Now consider a second function, $$ g(x) = \begin{cases}x-1 & x < 0,\\ x+1 & x \geq 0. \end{cases}$$
Now again your definition says $L = \lim_{x\to 0} g(x) = 0,$ because given any $x,$ we can simply set $x_0 = \frac12 x,$ and it is guaranteed that $g(x_0)$ will be closer to $L$ than $g(x)$ is.
What your definition missed in this case is that although we can always make $g(x_0)$ be closer, we cannot make it be arbitrarily close to $L = 0.$ The closest we can get is $1$ unit above or below $0.$
I like to think of limits using an adversarial game as an analogy.
The rules of the game are that I choose a number, $x_1,$ and say that the limit of $f(x)$ as $x$ goes to $x_1$ is some number, $L.$ Then my opponent gets to challenge me by specifying a distance from $L.$ I have to respond with a distance from $x_1.$ My opponent then gets to choose any number $x_2$ within my chosen distance from $x_1.$ And that means they get to choose any such number, not necessarily one that I would like them to pick. If $f(x_2)$ is closer to $L$ than the distance my opponent named, I win. Otherwise I lose.

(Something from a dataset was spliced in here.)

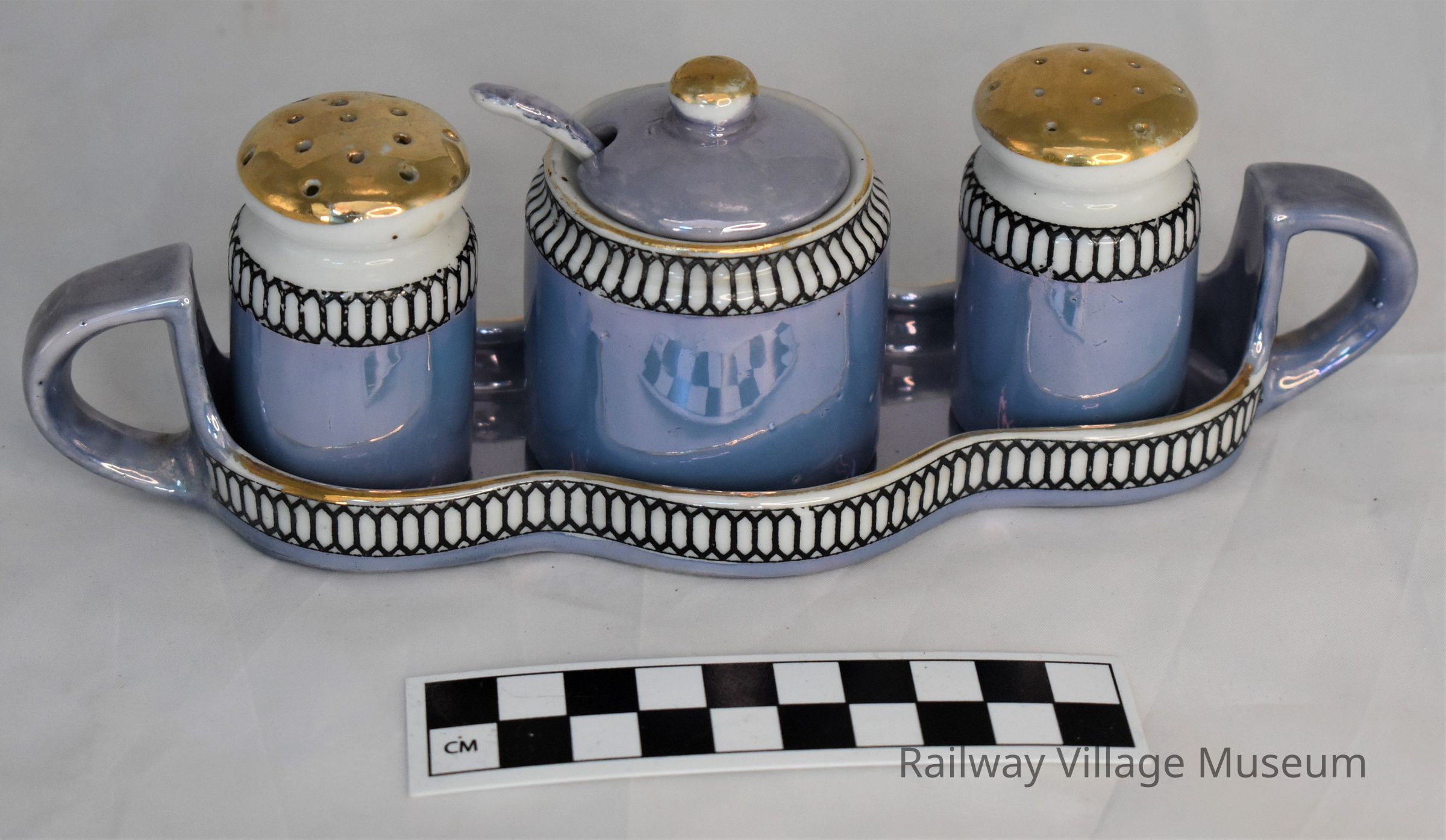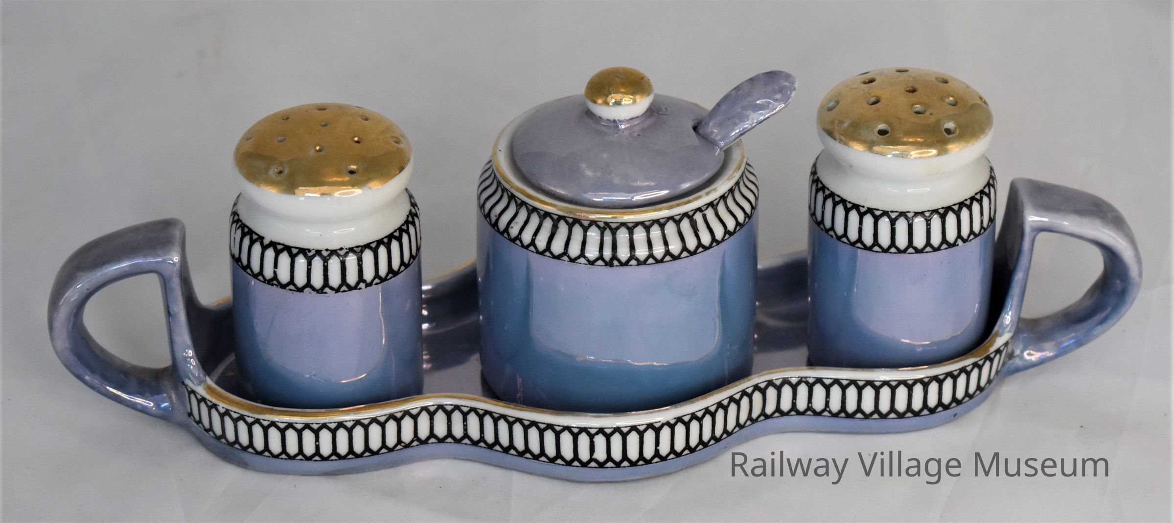 Vintage blue and gold Lusterware set consisting of salt and pepper shakers, mustard with cover and spoon, and handled undertray. Marked "Made in Japan".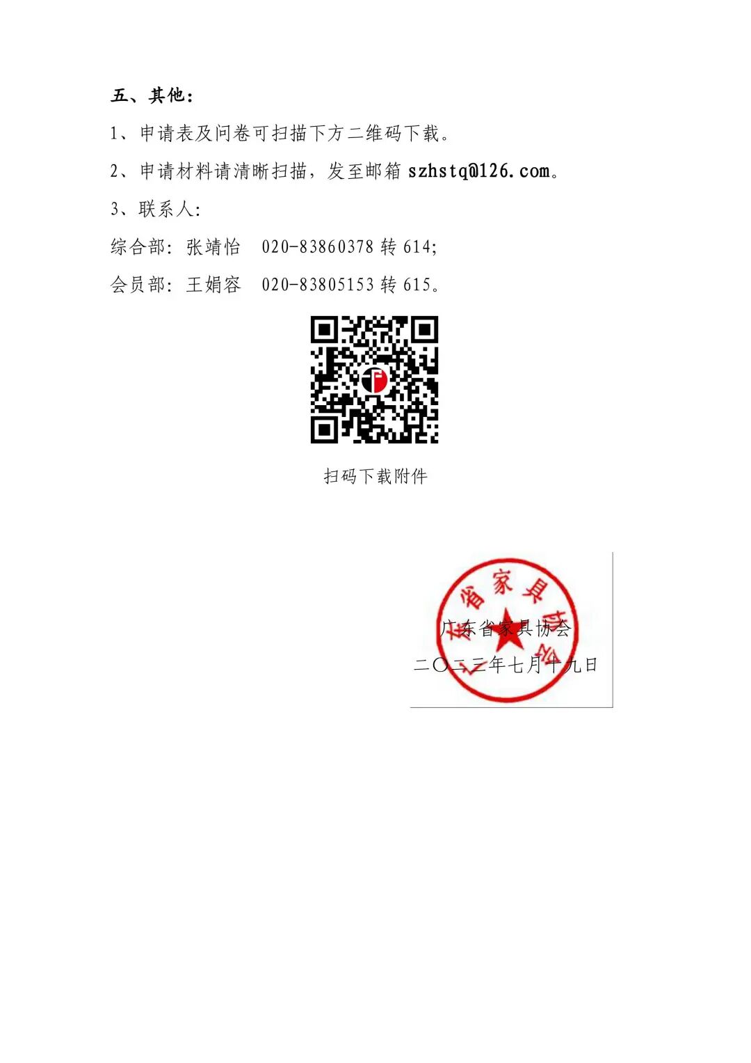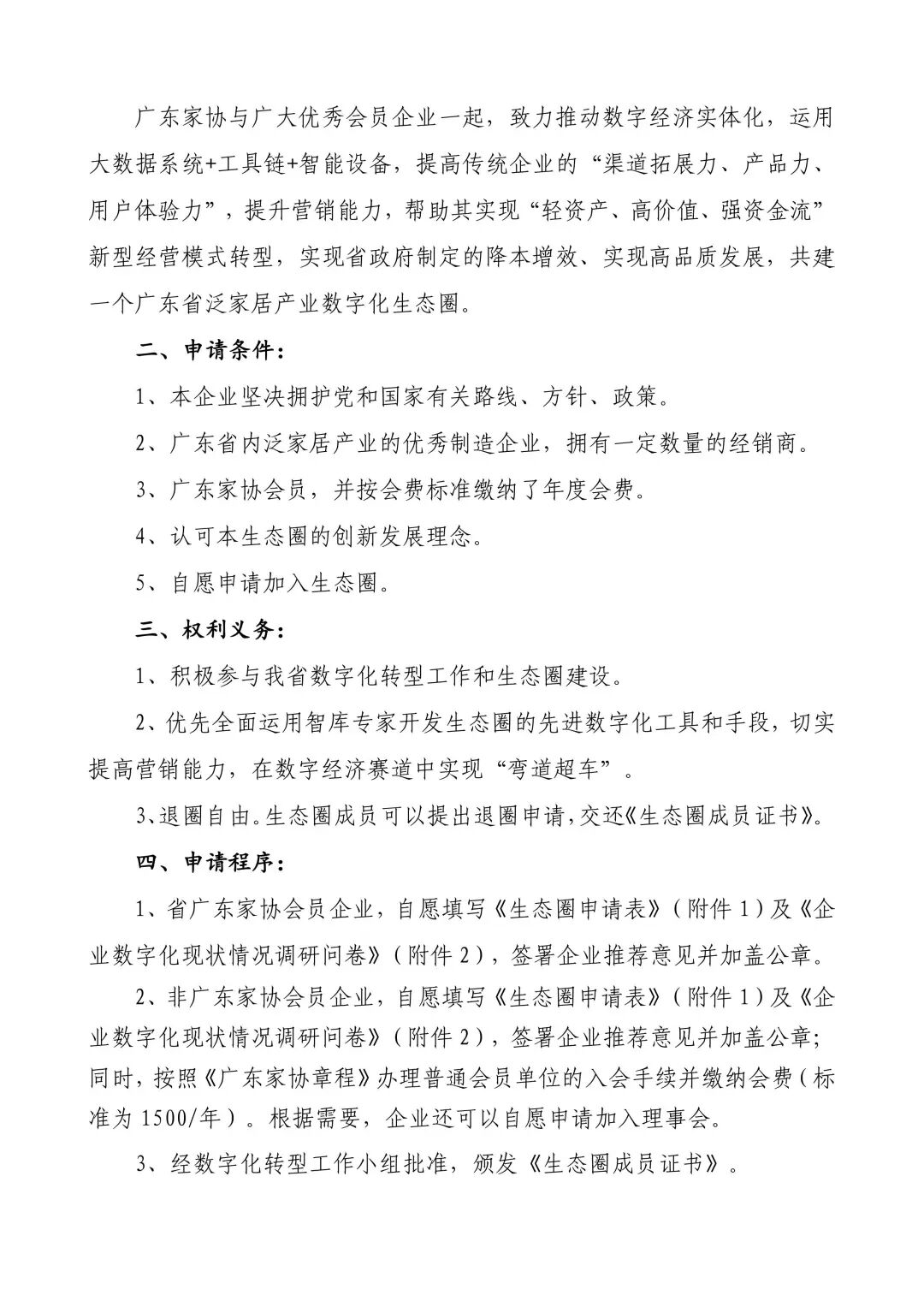 2、非广东家协会员企业,自愿填写《生态圈申请表》(附件1)及《企业数字化现状情况调研问卷》(附件2),签署企业推荐意见并加盖公章;同时,按照《广东家协章程》办理普通会员单位的入会手续并缴纳会费(标准为1500/年)。根据需要,企业还可以自愿申请加入理事会。

The limit of $f(x)$ as $x\to x_1$ is $L$ if my position in this game is a winning position, that is, there is no way my opponent can challenge me with a distance, no matter how small, that lets my opponent pick an $x_2$ with $f(x_2)$ farther than that distance from $L.$ No matter how small a distance they choose, I always have a winning response.
What are the conditions under which I win? I need to have a function $f$ and a number $x_1$ such that by judiciously choosing neighborhoods around $x_1$ (a neighborhood being all numbers within some chosen distance of $x_1$), I can shrink the range of $f(x)$ on that entire neighborhood down to an arbitrarily small interval around $L.$
The usual epsilon-delta definition of limits is essentially this game translated into mathematical logic, where $\epsilon$ is the distance my opponent chooses and $\delta$ is the distance I choose.
Note that I have only dealt with functions on all real numbers here. There are some additional points that come up when the domain is only a proper subset of the real numbers, as implied by a comment below.
I also want to reiterate the point someone made in a comment under the question, that you do more mathematics by trying to reinterpret the definitions and getting it wrong than you do if you don't even try. So you have a good question. Don't stop trying.